Two Worlds, One Family: An Adoptive Mothers Insecurities

Jane: “He isn’t one of them! They aren’t even his real family!”

Professor Archimedes Q. Porter: “Have you ever known a family not to be real?”

Last night we took a road trip to St. George, UT to see Tarzan at Tuacahn. Tarzan has always been one of my favorites. The music, the colors, the costumes! The story of a little boy raised by Apes that discovers he is really human. I have fond memories of when the Disney version came to theaters and I went with my Aunt Tel to the drive in movie to see it. However, as the opening song started and the actors took their places, I realized I was watching a very different story unfold before me than the story I had grown up with.

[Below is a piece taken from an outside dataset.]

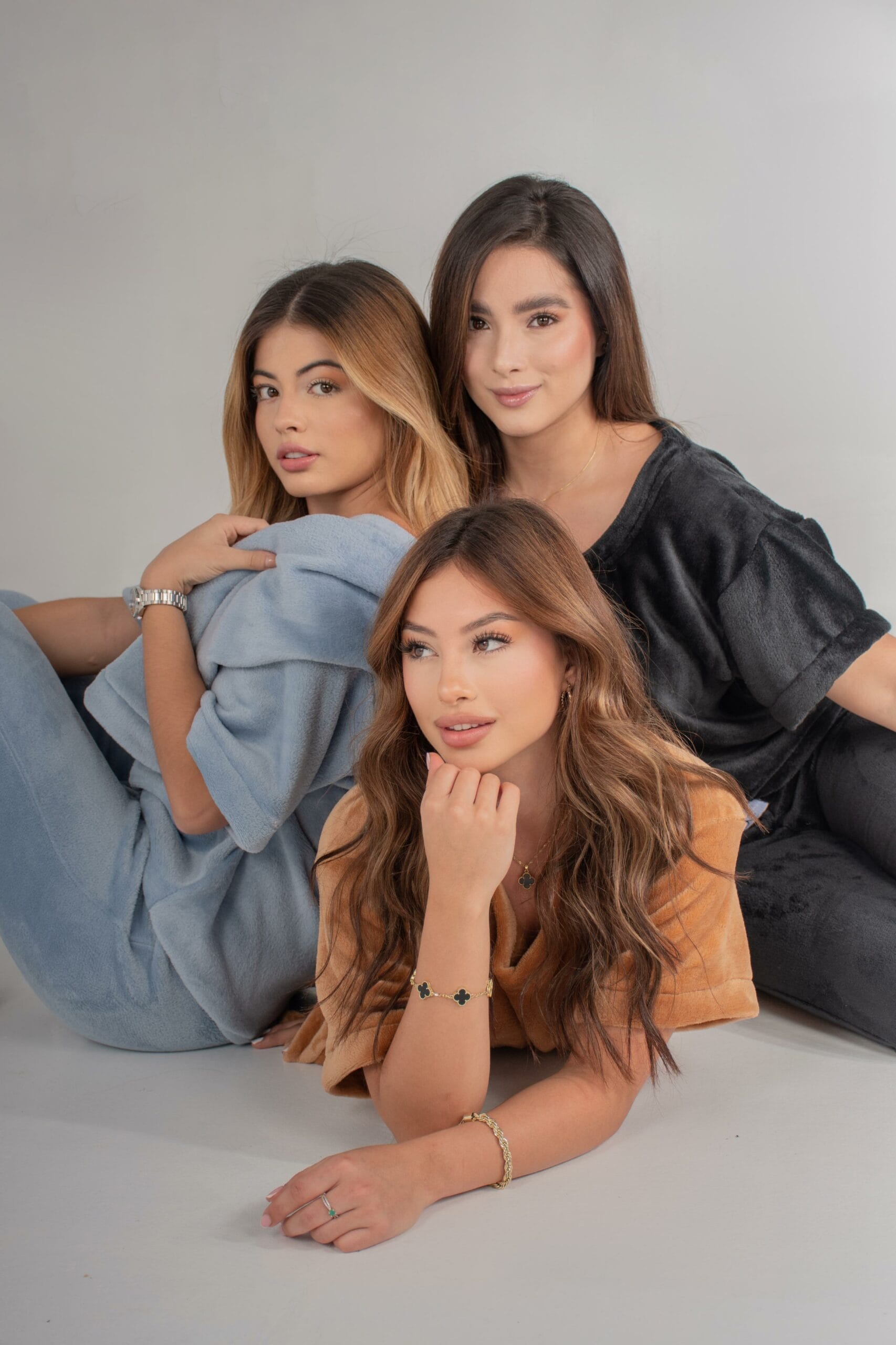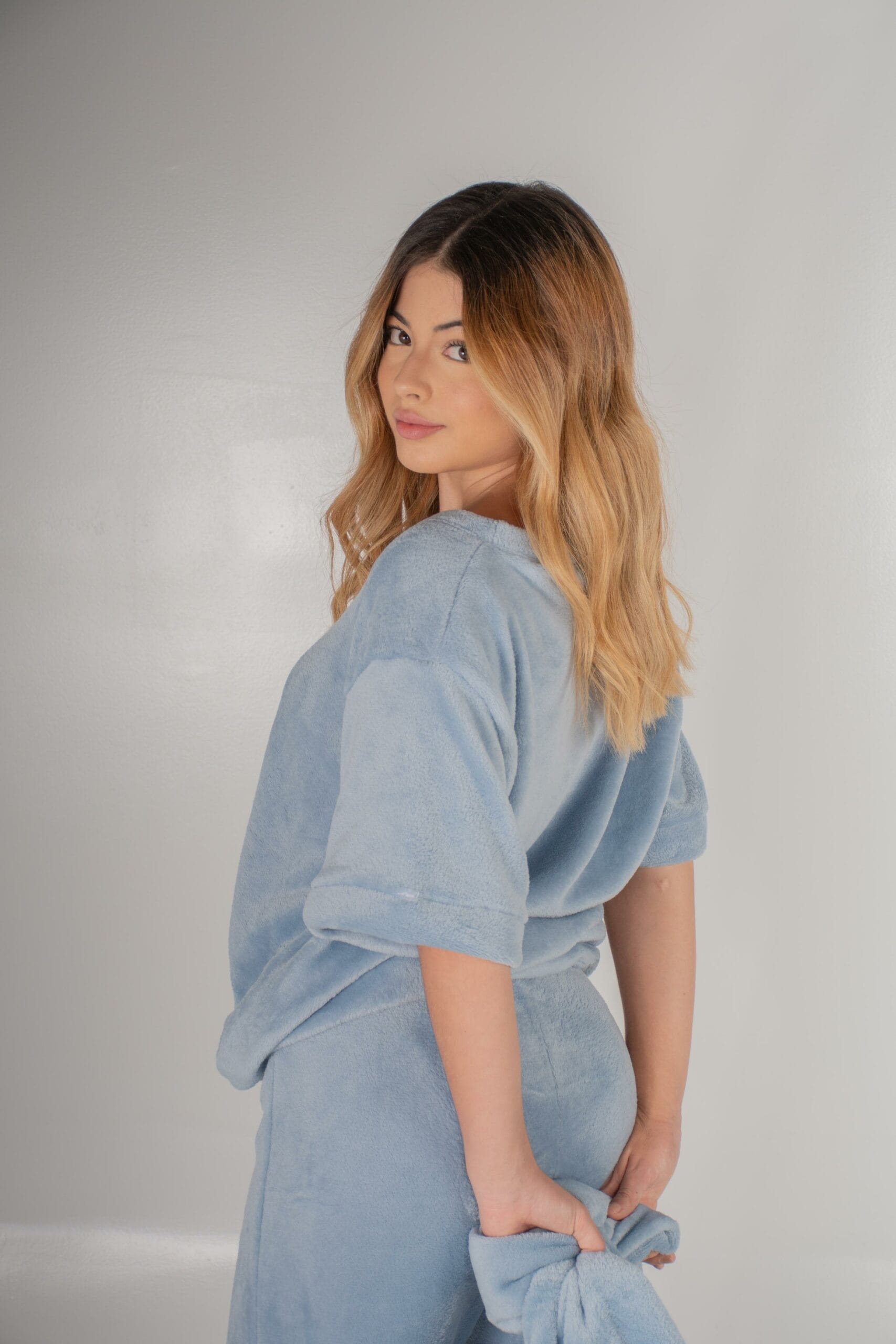 El set Osi está hecho en una tela tipo piel de conejo que se siente como un abrazo.

The songs were the same, the characters were the same, but I am not the same.

When Tyce was first placed in my arms, I remember looking at his tiny form and knowing that my life was forever changed for the better. My love for him was and is real. But with adoption comes insecurities.

There are insecurities in every level of the adoption triad. If you get on any adoption related group on Facebook, you’ll be bombarded with all those insecurities. But, that is what happens when you mold two families into one.

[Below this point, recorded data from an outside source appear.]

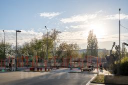 На территории находятся детские и спортивные площадки, места для работы и отдыха, функционирует бизнес-центр.
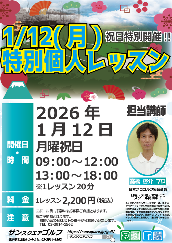 複数名で利用される場合は、人数分のレッスン数をご予約ください。 - ボール代及び打席料はお客様ご負担となります。
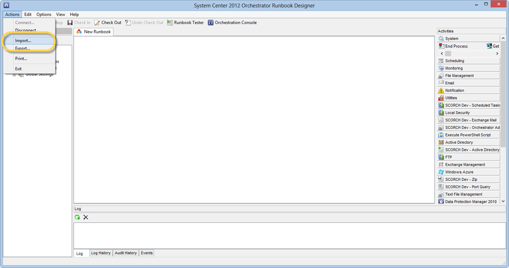 NB!!!! Please note that is NOT a replacement for a backup, having a proper backup plan is crucial to any environment. Once my SCORCH server was back up and running, I immediately implemented a proper backup procedure using Microsoft System Center Data Protection Manager in addition to the backup of Runbooks. I am currently working on a Runbook to backup my Runbooks, more to follow on that soon. To achieve this goal, I will be using an Orchestrator Codeplex runbook.
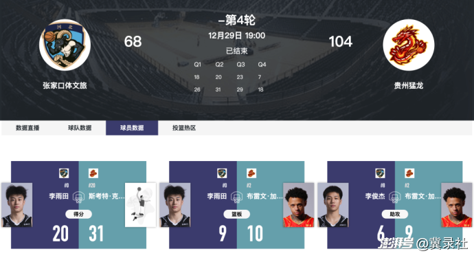 12月29日19:00,NBL常規(guī)賽第4輪,張家口體文旅坐鎮(zhèn)主場(chǎng)迎戰(zhàn)貴州猛龍,最終以68-104不敵對(duì)手,無緣本輪勝利。
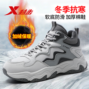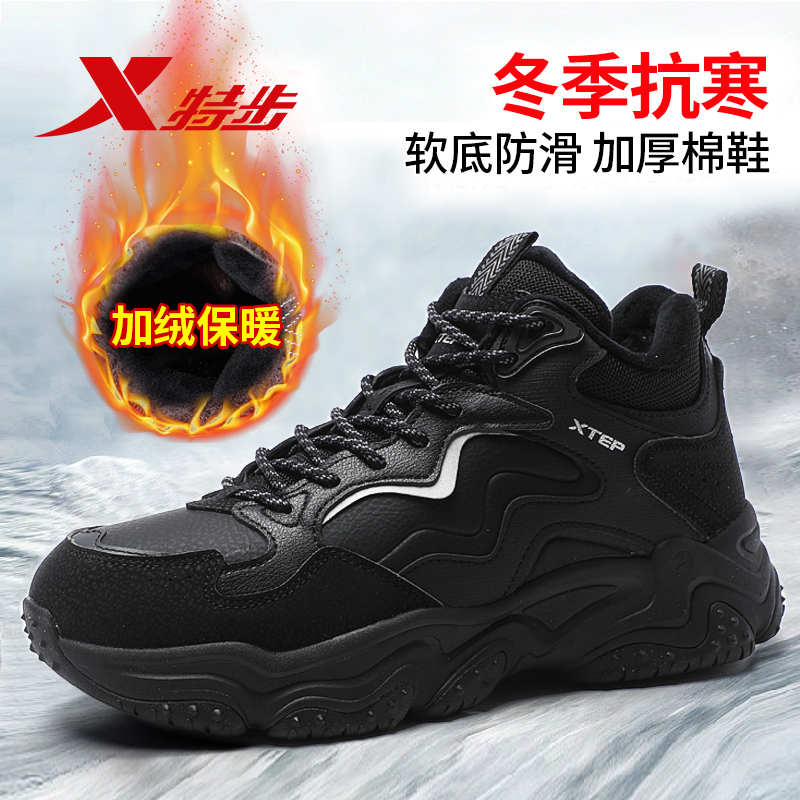 加绒高帮大棉鞋 皮面运动鞋 冬季 雪地靴东北防滑休闲鞋 新款 特步男鞋
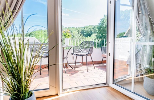 The beautiful balcony with a great view of the Baltic Sea invites you to dream and relax.
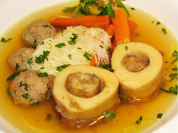 „A legszigorúbb szertartási renddel készül minden, valamire való használ spitzfartőből, szegyhúsból, marhacsontból, esetleg egy jókora velős csontból. Hideg vízbe tegyük föl, s csak szemes borssal ízesítsük. A húsleves lassan forr, mert még messzire van dél, de már megérkeznek hozzá a petrezselymek, sárgarépák, karalábék, kelkáposzták, zellerek, gombák, borsók, vereshagymák, fokhagymák, paradicsomok, piros paprikák. És a só. És már gyúrják is a májgombócot vagy hasonlót, ami majd a levesbe kerül.”

I’ve been really good about pushing past ignoring my own insecurities involving adoption. I joined a million adoption groups when we started the adoption process. I talked with birth mothers, adoptees, other adoptive families; A common theme seemed to be insecurities. I have learned so much and am learning so much more about perspective. My mind and heart were constantly on those birth families and adoptees that expressed the loss they felt.

I felt selfish in my happiness.

But for the first time in Tyce’s 10 months of life, while sitting there watching this musical performance, my insecurities hit me in full force.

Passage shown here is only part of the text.